CTGF is a member of the connective tissue growth factor/cysteine-rich 61/nephroblastoma-overexpressed (CCN) family of growth factors predicted to have arisen from a common ancestral gene more than 40 million yr ago (see Ref. 9 for review). Other members of the family include Fisp 12 (murine ortholog of human CTGF), human and murine Cyr61, the chicken ortholog of Cyr61, Cef10, and human and Xenopus Nov. With the exception of Nov, these are immediate early genes induced by serum, growth factors, or certain oncogenes. The encoded products are cysteine-rich secretory proteins organized into four distinct motifs. The first contains an insulin-like growth factor-binding domain that is common to the seven known insulin-like growth factor-binding proteins, the second contains a von Willebrand factor type C module thought to be involved in oligomerization, the third is a thrombospondin type I repeat thought to mediate cell attachment and binding to ECM, and the fourth is a C-terminal domain implicated in heparin binding and dimerization (9). Recently, a novel CTGF-like (CTGF-L) gene, structurally related to CTGF but lacking the C-terminal domain, was identified and cloned from human osteoblasts (24). CTGF-L mRNA was also expressed in fibroblasts, heart, testes, and, most abundantly, ovary, but cell localization in the ovary was not reported. In view of their functional properties in other tissues where they are expressed and their pattern of expression during GC differentiation, it seems highly likely that CTGF, CTGF-L, and possibly other members of the CCN growth factor family serve significant paracrine roles in the ovary.

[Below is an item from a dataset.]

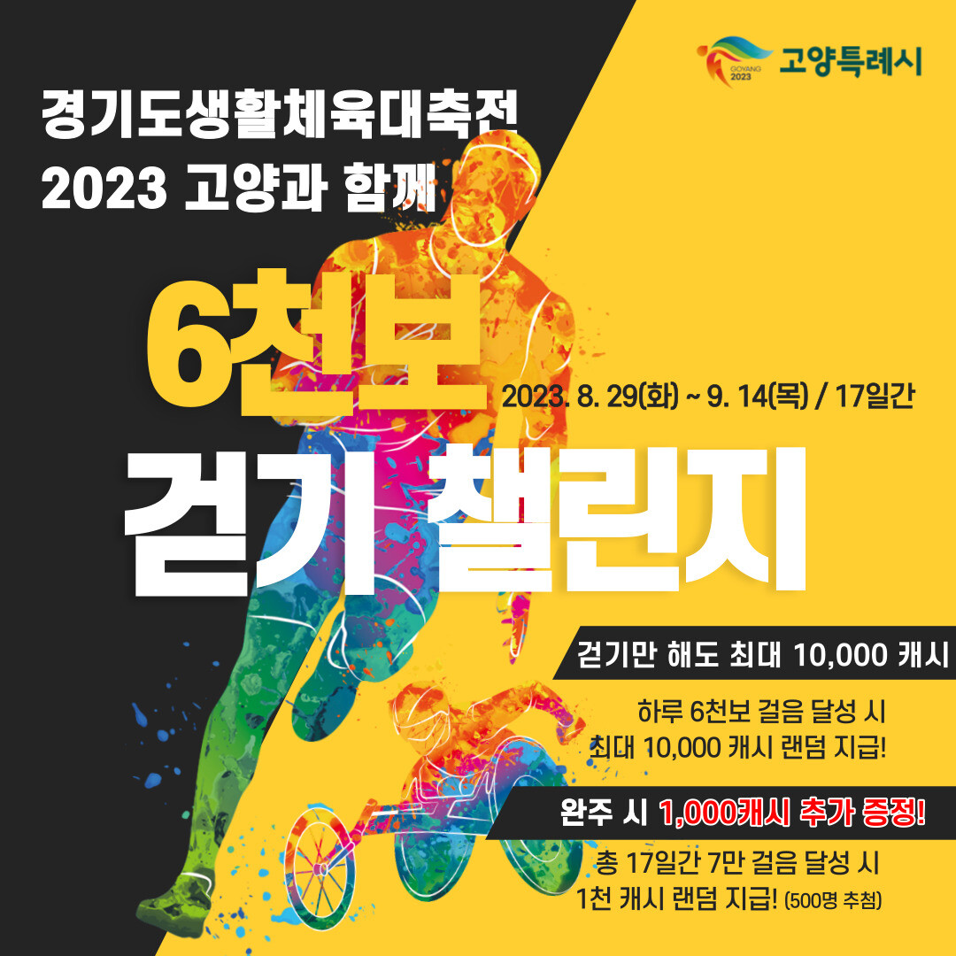 또한 건강관리 앱인 ‘캐시워크’를 통해 ‘‘2023 경기도생활체육대축전과 함께하는 6천보 걷기 챌린지’와 ‘개회식 스탬프 챌린지’가 진행된다.

Coexpression of CTGF and LO mRNAs in GC is consistent with connective tissue biosynthesis and ECM deposition occurring hand in hand during follicular development (1, 2). A functional link between the two genes is further suggested by the observation that CTGF can stimulate LO enzyme activity and insoluble collagen formation in human gingival fibroblasts (25). ECM synthesis involves deamination of peptidyl lysine residues to allow covalent inter- or intrachain cross-linking of collagen and elastin fibrils catalyzed by LO (26). The degree of collagen and elastin cross-linking varies between tissues and is constantly altering in the lamina basalis of developing ovarian follicles (1, 27). Here we documented strong LO mRNA expression by GC in preantral and early antral follicles that subsided in response to gonadotropic stimulation in vitro and in vivo. The abundant, approximately 5.2-kb and the rarer, approximately 3.8-kb GC LO mRNA transcripts correspond to similarly sized LO transcripts in rat vascular smooth muscle cells (19, 28). However, the regulation, secretion, and extracellular activities of LO at any cellular site remain poorly understood. LO enzyme activity in rabbit ovarian follicles is reported to be increased after hCG-induced ovulation (29), and LO mRNA expression is up-regulated at the time of ovulation in perch ovary (30); otherwise, there is no scientific literature on ovarian LO. Therefore, it remains to be determined whether LO of GC origin has a particular role in ECM deposition during folliculogenesis, as predicted by the pattern of LO gene expression observed here.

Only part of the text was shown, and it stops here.